Book Barbecue!



So, who need books anyway?

Bookstores close faster now than Toyotas with stopping exacerbations!

Whingy owe personal enlightenment to Lao Tzu’s elder brother, Wahoo Tzu, who scribe introduction to sutra commentary advising print readers to preempt examination of letter text with eyeballs and burn book.

Whingy follow Wahoo advice and become transmogrified! Now Whingy burn all books before reading for convenient dismissal of knowledge and barbecue seasoning.

Better than smoke of hickory!
















~ Whingy Illustration by Henrik Drescher
© All Rights Reserved

Whingy In Love



Whingy blog enthusiasts always want to know about love life but reluctant to request data, so pay attention! I tell you now!

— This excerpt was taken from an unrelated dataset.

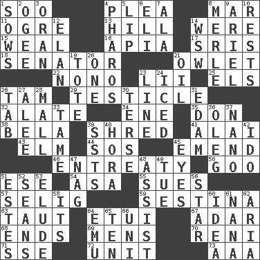 ACROSS 1. "Barney Miller" actor Jack 4. Entreaty 8. Make imperfect 11. Legendary monster 13. Land elevation 14. Past tense of be (plural) 15. Welt 16. Capital of Western Samoa 17. Indian titles of respect 18. Legislator 21. A small or young owl 22. Words to Nanette 23. Cards in a Roman deck? 25. Raised railways 26. Scottish cap 29. One of the two male reproductive glands 32. Having winglike extensions 34. Compass dir. 35. Spanish title 38. Actor Lugosi 39. Fragment 41. Mountain range southwest of Kyrgyzstan 43. Shade tree 44. Mayday 45. Make improvements or corrections to 46. Plea 50. Thick or sticky substance 51. Compass dir. 54. White ___ sheet 55. Institutes legal proceedings 57. Former Milwaukee Brewers owner Bud 59. French poetic form 63. Drawn tight 64. Needle case 67. The sixth month of the Jewish calendar 68. Conclusions 69. Not women's 70. Painter Guido (1575-1642) 71. Compass dir. 72. A single undivided whole 73. American Automobile Association (abbr.) DOWN 1. Sty mamas 2. Double curve, resembling the letter S 3. NW Algerian seaport 4. N Egypt peninsula 5. Mouth edge 6. Connecticut Ivy Leaguer 7. According to 8. Haggard of country music 9. Satellite of Uranus 10. Musical pauses 12. Style 14. Compass dir. 19. Carryall 20. Single 21. Petroleum 23. Actor's bit 24. On the rocks 26. Bar bill 27. Toward shelter 28. Shopping center 30. Laconic 31. Dutch treat 33. Docile 36. Cassini of fashion 37. Billionth: prefix 39. Fast planes 40. Israeli folk dance 42. Wedding promise 45. Sight organs 47. Tired old horse 48. Aid 49. Third day of the wk. 51. _____ Park, CO 52. Seines 53. Dodge 56. Play the lead 58. ___ a Wonderful Life 60. The content of cognition 61. Nanny 62. Roberta Peters solo 64. Australian flightless bird 65. Nine, plus one 66. University (slang)

Whingy have girlfriend named Pa-Chi Phogg who is tall but not too tall so she can look up to Whingy with admiration for his extra inches of altitude.

Pa-Chi is weathercastress at diminutive public television station in Orange County, Calipornia. Whingy fall in love when first see her on PBS, which is Whingy’s favorite variety of BS. Whingy find the P type of BS most annoying and useful for emptying domicile of houseguests!

After Whingy successfully remove domestic interlopers one evening, he see Pa-Chi appear on television screen. She was not prepared sufficiently. So when big weather map start swirling she smile with trepidation, point to coastline and say: “Look OC residents! More weather coming to you! What do you care what kind of weather it is anyway? You are rich! You are not picking vegetables. You even have air conditioning ventricles in back seat of Mercedes. So have a nice day!”

Whingy realize Pa-Chi was mate of soul and so instigated introduction at PBS telephone money-requesting festival. Now Whingy and Pa-Chi date with regularity and postulate combining furniture in single location.

For Whingy and Pa-Chi, weather is now always sunny—even when wet!